Yam mild mosaic virus (YMMV), a distinct member of the genus Potyvirus, is a major viral agent in yams in Africa, Asia, Oceania, Caribbean and South America (Mumford and Seal 1997; Fuji et al. 1999; Odu et al. 1999; Bousalem and Dallot 2000; Dallot et al. 2001; Eni et al. 2008; Zou et al. 2011). This virus has flexuous, filamentous particles of approximately 750 nm in length and is transmitted by aphids or mechanical inoculation (Odu et al. 1999). The virus causes mild symptoms of mottle and mosaic on water yam (Dioscorea alata), Guinea yams (D. cayenensisD. rotundata complex) and Indian yam (D. trifida), but no symptoms on white yam (D. rotundata) (Mumford and Seal 1997). Its natural host range is restricted to several Dioscorea spp., but the virus is also transmitted easily to cowpea (Vigna unguiculata) (Odu et al. 1999). It was reported that YMMV isolates from Caribbean island Martinique and French Guyana were divergent in their coat protein (CP) gene sequences (Bousalem et al. 2003). However, little was known about the diversity of the YMMV at whole genome level, simply because only three whole genome sequences of YMMV were available at the time (Simon-Loriere and Holmes 2011; Filho et al. 2013).

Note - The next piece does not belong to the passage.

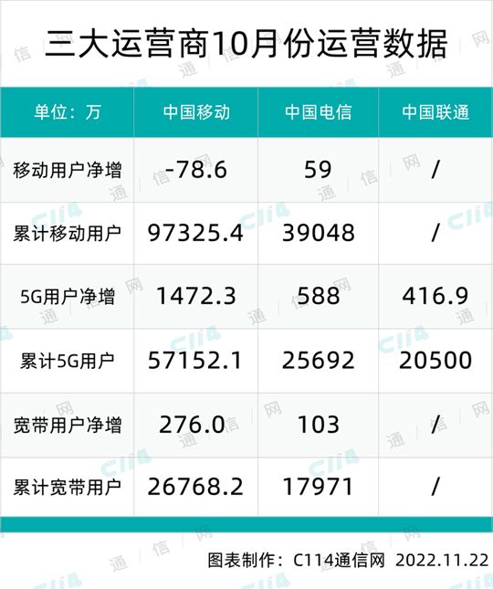 根據(jù)中國移動公布的數(shù)據(jù)顯示,截至2022年10月,移動業(yè)務(wù)客戶總數(shù)97325.4萬戶,上月凈增客戶數(shù)為-78.6萬戶,本年累計凈增客戶數(shù)1636.2萬戶,5G套餐客戶數(shù)57152.1萬戶;有線寬帶業(yè)務(wù)方面,客戶總數(shù)26768.2萬戶,上月凈增客戶數(shù)276.0萬戶,本年累計凈增客戶數(shù)2757.6萬戶。

The Qinling Mountains-Huaihe River Line, with its west end at E104°15′/N32°18′ and east end at E120°21′/N34°05′separates China as South (south to the line) and North (north to the line) mainly by its climatic impact. Yams are mainly grown in the provinces of Guangxi and Jiangxi in South China, and Henan, Shandong and Jiangsu in North China. YMMV infection of yam plants in China was first reported in 2010 (Zou et al. 2011). To gain an insight into the composition of genetic population of YMMV, we conducted a nation-wide survey of YMMV in China. Here, we report the identification, genome sequencing, phylogenetic analysis, and genome recombination analysis of YMMV isolates from China and those reported elsewhere. Our results showed that YMMV genome sequences were diversified among isolates with geographical characteristics, and extensive genome recombination events had taken place in the population of the virus.

Results

YMMV infection was prevalent in yams in the major yam-producing regions in China

During the survey, leaves and tubers of yam plants showing viral disease-like symptoms, i.e., mosaic, chlorosis, vein banding, flecking, leaf puckering, stunting and distortion were collected, with leaves stored at − 80 °C for viral identification and tubers grown in the glasshouse for keeping the materials. IC-RT-PCR and sequencing results revealed that 112 out of 365 samples collected from five yam producing regions (Guangxi, Jiangxi, Henan, Jiangsu and Shandong) in China were YMMV-positive, among which 75 were from 132 D. alata, 11 from 96 D. japonica and 26 from 137 D. opposite. The incidence ranged from 11% to 40% in general, varying among yam species with the highest rate for D. alata and lowest for D. japonica (Additional file 1: Table S1). Most YMMV-positive samples (90.5%) were co-infected with other viruses (our unpublished results) and those (9.5%) solely infected with YMMV showed constantly a mild mosaic or mottle or symptomless on leaves (Fig. 1), regardless of species/cultivars and years of sampling. The rest of YMMV-negative samples were infected either with other known viruses, uncharacterized viruses, or unknown agents.

Fig. 1
figure 1

Symptoms of yam leaves infected with YMMV. All plants were infected solely by YMMV. a Cultivar Guihuai 2 (D. japonica); b Cultivar Guihuai 6 (D. alata); c Cultivar Tiegun Shanyao (D. opposite)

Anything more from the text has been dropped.